**What to produce**
An exact transcription of the listing, without its images, is what the answer must contain.

**Supplied information**
---*---

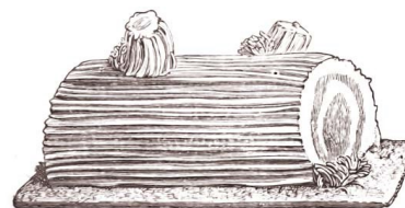
Bûche de Noël.

Recette facile et sans cuisson à réaliser avec les enfants !
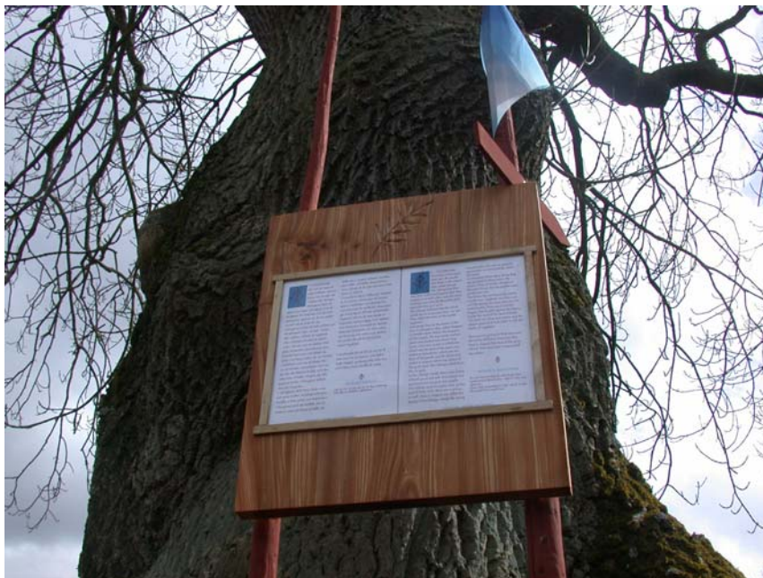
Karta över vandringen
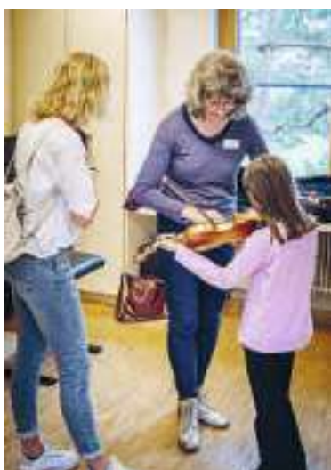
Die Kinder konnten verschiedene Instrumente ausprobieren.

---*---

**Written response**
Bûche de Noël.

Recette facile et sans cuisson à réaliser avec les enfants !
Karta över vandringen
Die Kinder konnten verschiedene Instrumente ausprobieren.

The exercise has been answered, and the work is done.